Third, ADGRA2, also known as GPR124, was a very interesting gene because it not only positively regulates canonical Wnt signaling by increasing Wnt7 availability for Frizzled [22, 23], but by virtue of its compound heterozygous mutations, it has also been recently linked to two bifrontal PMG cases with multiple congenital anomalies [24]. It should also be noted that the other member of the same gene family, ADGRG1 (GPR56) with an autosomal recessive variant, was reported to be associated with bilateral frontoparietal PMG [113, 114]. Therefore, the results of the current report and the data presented in [24] merit a closer look at AGDRA2 as a potentially causative gene in bifrontal PMG.

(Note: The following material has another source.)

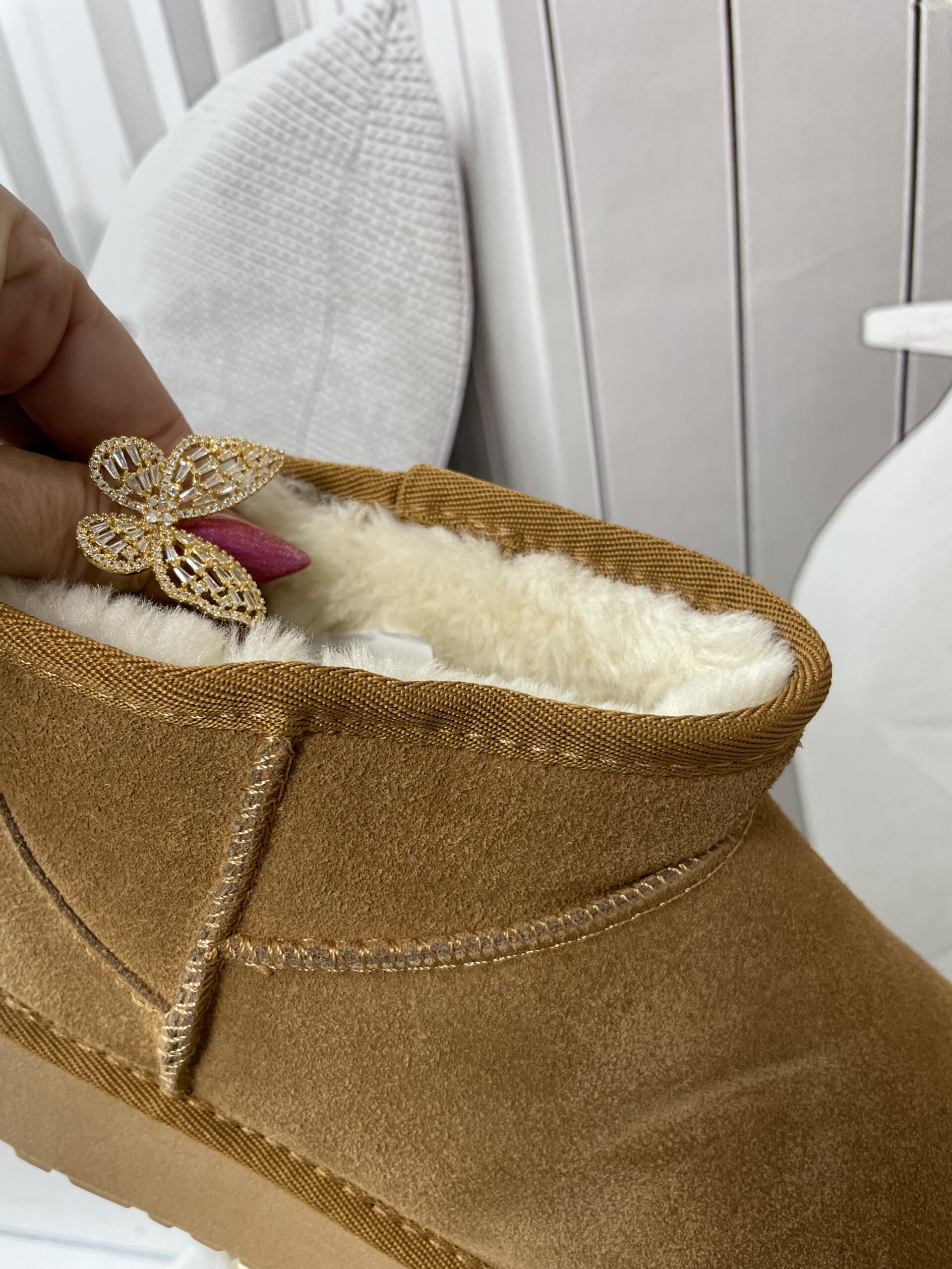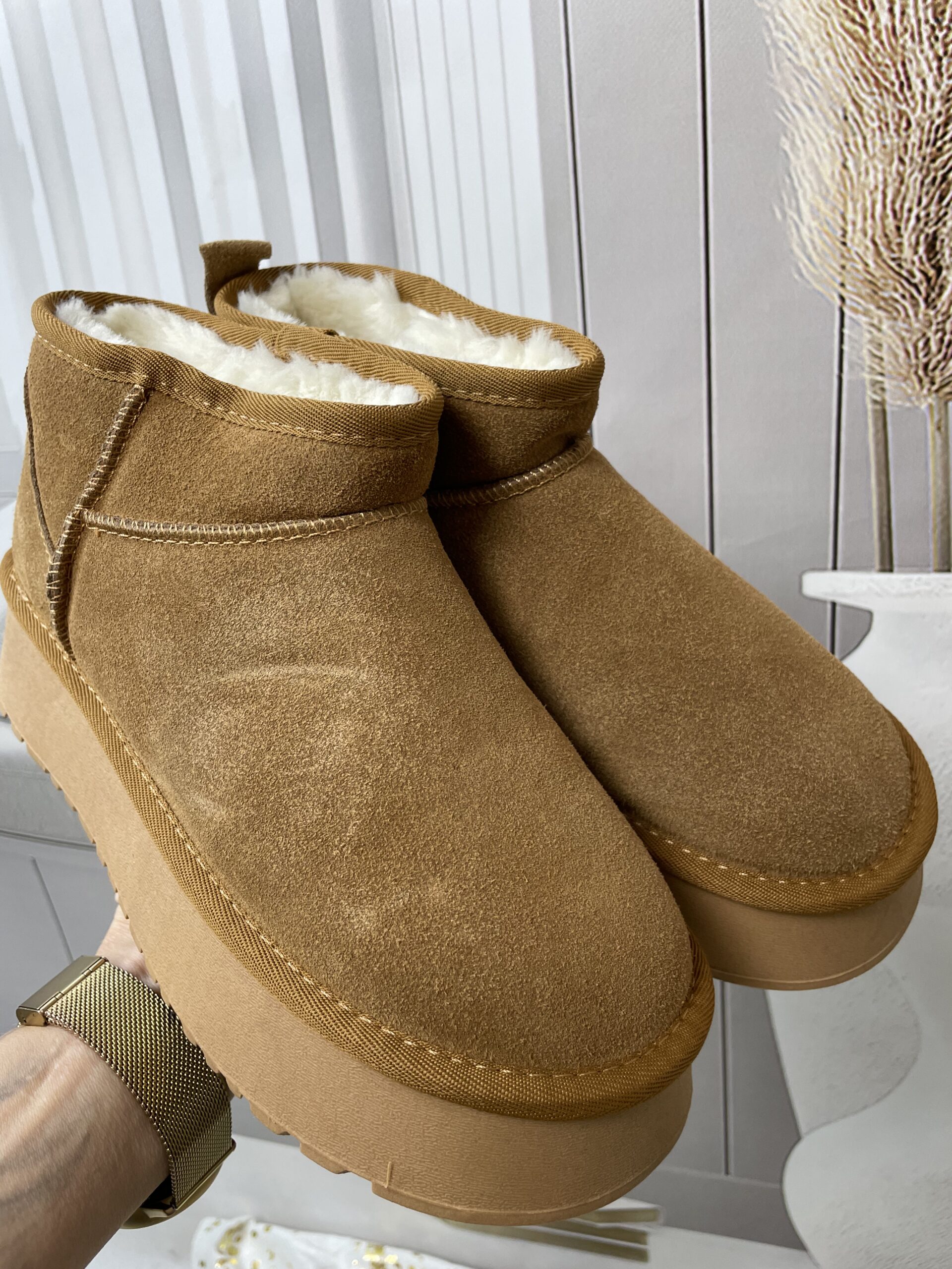 Karmelowe śniegowce z niską cholewka wykonane ze skóry zamszowej to doskonałe połączenie wygody i stylu.Płaska gruba podeszwa ,idealnie sprawdzi się na co dzień , do niemal każdej stylizacji. Taki model śniegowców to must-have w każdej szafie każdej kobiety .

Fourth, the other notable feature of the genetic screening dataset was the presence of the biallelic FLG2 variant (NM_001014342:exon3:c.C2606T:p.S869F; MAF = 4.21x10-6). FLG2 is known for its association with skin diseases including atopic dermatitis [38], as well as for its link to neurodevelopmental aberrations, leading to autism spectrum disorder (ASD) with a prenatal excessive cortical expansion frequently seen in ASD children [37]. Such a link between neuro- and ectodermal development supports a hypothesis regarding the existence of the skin-brain axis, which could interdependently regulate both processes [37]. Unfortunately, due to the condition of cadaveric tissue subjected to the embalming solution, it was impossible to correctly assess the putative epidermal pathology in the donor and, therefore, evaluate the involvement of the skin-brain axis in the current case of bifrontal PMG. However, probing similar PMG cases for the autosomal recessive FLG2 mutations and atopic syndromes antemortem would be worth pursuing.

Conclusions

The current rare case of bifrontal PMG in an elderly individual provided a unique opportunity to gain additional insights into the molecular mechanism(s) of PMG. Our results highlight the polygenic nature of PMG and the potential involvement of impaired Wnt signaling with the involvement of primary cilia deregulation and a direct Wnt signaling disruption. Our results also warrant additional studies on the ADGRA2 gene as well as probing the skin-brain axis for their participation in the development of the cerebral cortex in humans.